WORK INSTRUCTION:
With all pictures omitted, return verbatim the lines from the beginning of the records below through the line containing "全網銷量第一 岩板多功能茶几".

DATA TO USE:

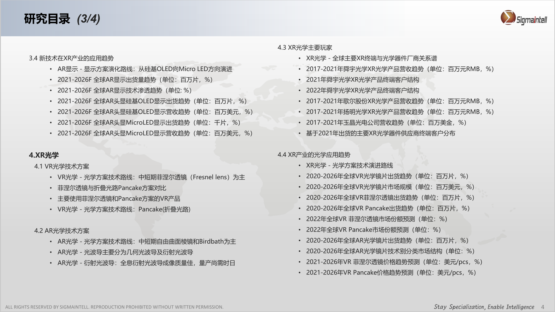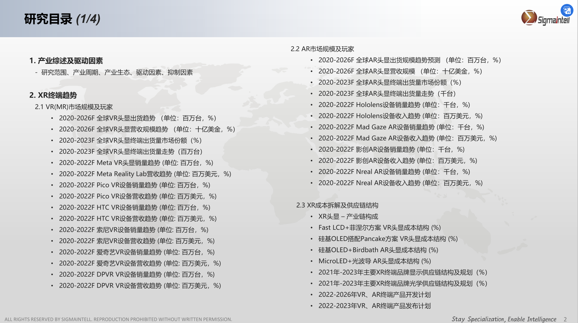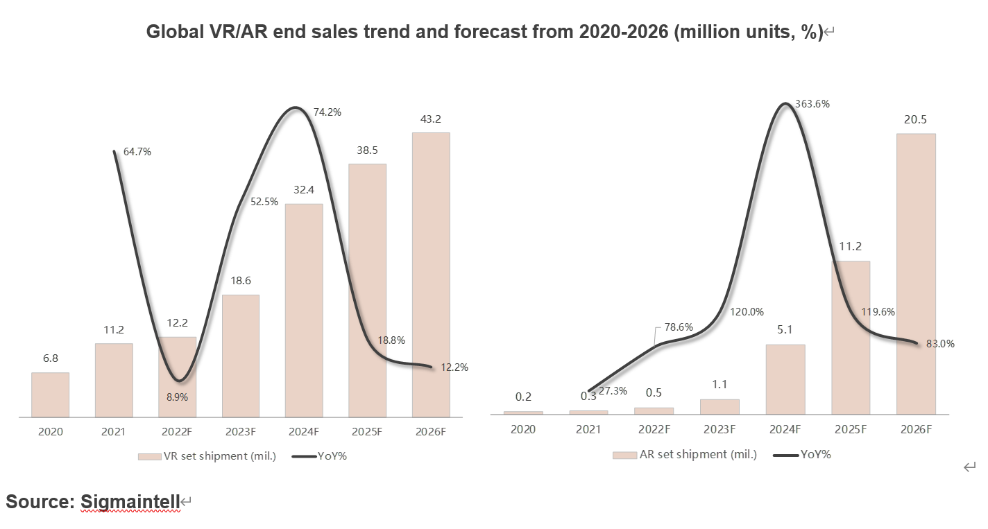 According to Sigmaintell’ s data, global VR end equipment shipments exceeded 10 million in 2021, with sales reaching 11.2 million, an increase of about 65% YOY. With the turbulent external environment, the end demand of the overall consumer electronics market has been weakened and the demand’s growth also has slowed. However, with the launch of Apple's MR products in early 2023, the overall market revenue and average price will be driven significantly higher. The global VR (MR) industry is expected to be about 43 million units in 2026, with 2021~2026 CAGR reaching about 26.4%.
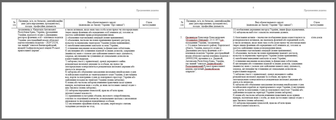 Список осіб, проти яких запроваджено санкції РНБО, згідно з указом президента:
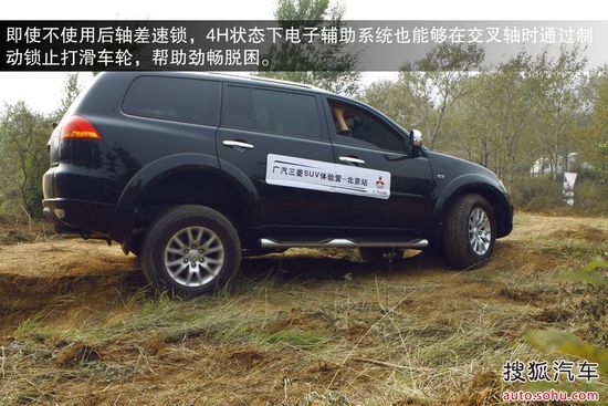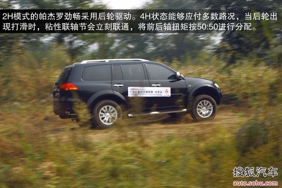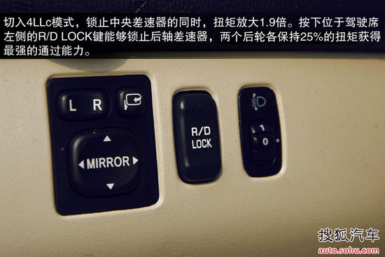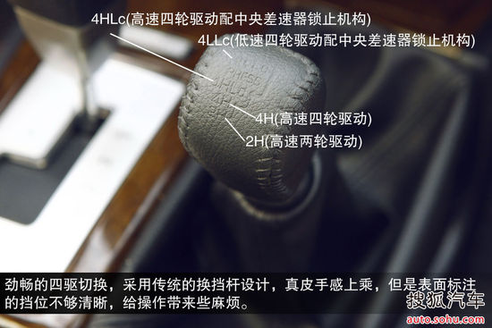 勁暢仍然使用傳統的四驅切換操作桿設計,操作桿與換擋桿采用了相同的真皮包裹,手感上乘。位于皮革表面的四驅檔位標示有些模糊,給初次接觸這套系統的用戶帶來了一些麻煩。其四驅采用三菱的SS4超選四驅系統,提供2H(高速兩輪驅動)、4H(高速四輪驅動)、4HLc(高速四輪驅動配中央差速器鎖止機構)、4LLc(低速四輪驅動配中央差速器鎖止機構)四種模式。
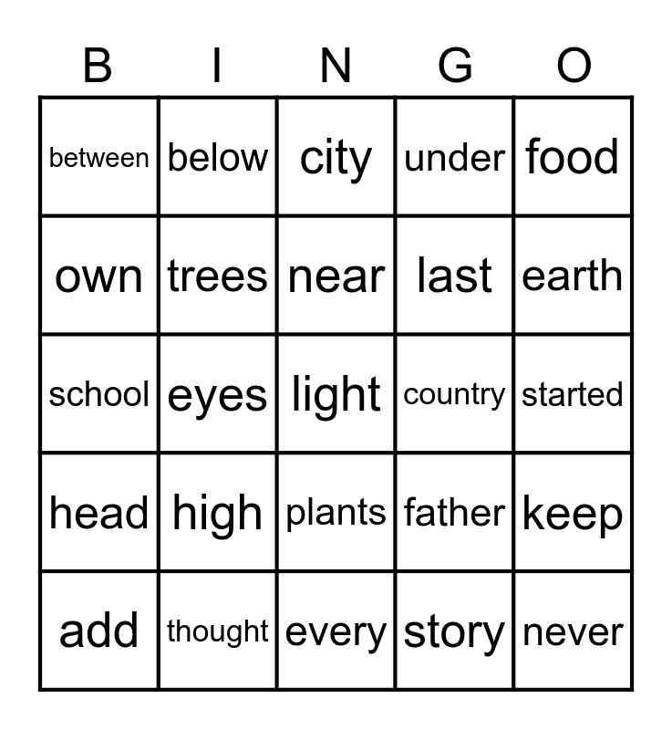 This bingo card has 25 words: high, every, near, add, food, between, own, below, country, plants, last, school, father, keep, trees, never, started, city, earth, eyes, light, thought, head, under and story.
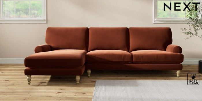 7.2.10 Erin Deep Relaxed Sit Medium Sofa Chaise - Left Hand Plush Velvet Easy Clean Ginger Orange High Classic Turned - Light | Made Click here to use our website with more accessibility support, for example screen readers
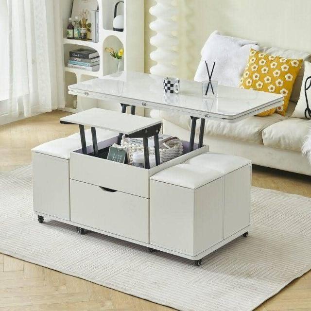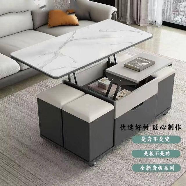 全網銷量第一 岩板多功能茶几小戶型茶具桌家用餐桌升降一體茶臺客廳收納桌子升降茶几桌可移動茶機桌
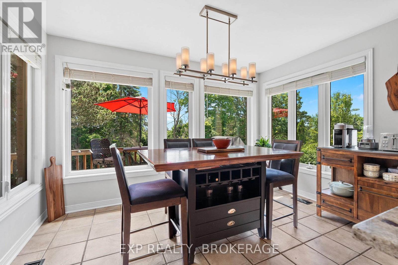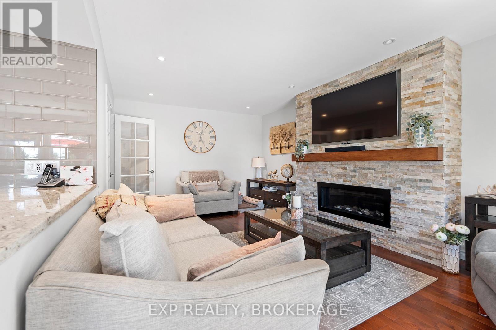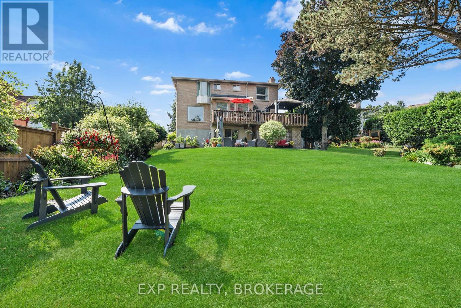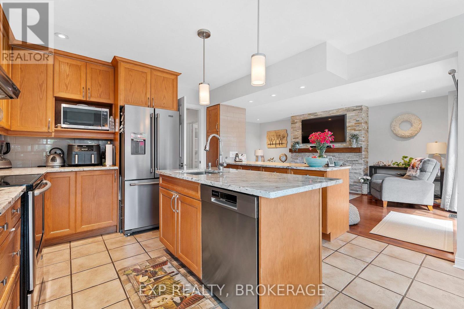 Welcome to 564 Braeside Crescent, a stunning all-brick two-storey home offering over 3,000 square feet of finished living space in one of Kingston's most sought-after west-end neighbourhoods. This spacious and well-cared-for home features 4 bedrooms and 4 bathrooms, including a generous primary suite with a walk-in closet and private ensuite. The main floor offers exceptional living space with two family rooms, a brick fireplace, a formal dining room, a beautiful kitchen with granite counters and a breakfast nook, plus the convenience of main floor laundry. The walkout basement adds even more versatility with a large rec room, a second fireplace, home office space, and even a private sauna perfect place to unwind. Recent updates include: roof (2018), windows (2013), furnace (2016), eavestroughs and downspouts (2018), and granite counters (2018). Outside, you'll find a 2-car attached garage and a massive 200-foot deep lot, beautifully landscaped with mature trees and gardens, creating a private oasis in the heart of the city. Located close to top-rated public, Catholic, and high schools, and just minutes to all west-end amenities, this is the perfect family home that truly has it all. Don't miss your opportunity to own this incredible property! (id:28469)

ANSWER SPACE:
 According to Sigmaintell’ s data, global VR end equipment shipments exceeded 10 million in 2021, with sales reaching 11.2 million, an increase of about 65% YOY. With the turbulent external environment, the end demand of the overall consumer electronics market has been weakened and the demand’s growth also has slowed. However, with the launch of Apple's MR products in early 2023, the overall market revenue and average price will be driven significantly higher. The global VR (MR) industry is expected to be about 43 million units in 2026, with 2021~2026 CAGR reaching about 26.4%.
 Список осіб, проти яких запроваджено санкції РНБО, згідно з указом президента:
 勁暢仍然使用傳統的四驅切換操作桿設計,操作桿與換擋桿采用了相同的真皮包裹,手感上乘。位于皮革表面的四驅檔位標示有些模糊,給初次接觸這套系統的用戶帶來了一些麻煩。其四驅采用三菱的SS4超選四驅系統,提供2H(高速兩輪驅動)、4H(高速四輪驅動)、4HLc(高速四輪驅動配中央差速器鎖止機構)、4LLc(低速四輪驅動配中央差速器鎖止機構)四種模式。
 This bingo card has 25 words: high, every, near, add, food, between, own, below, country, plants, last, school, father, keep, trees, never, started, city, earth, eyes, light, thought, head, under and story.
 7.2.10 Erin Deep Relaxed Sit Medium Sofa Chaise - Left Hand Plush Velvet Easy Clean Ginger Orange High Classic Turned - Light | Made Click here to use our website with more accessibility support, for example screen readers
 全網銷量第一 岩板多功能茶几小戶型茶具桌家用餐桌升降一體茶臺客廳收納桌子升降茶几桌可移動茶機桌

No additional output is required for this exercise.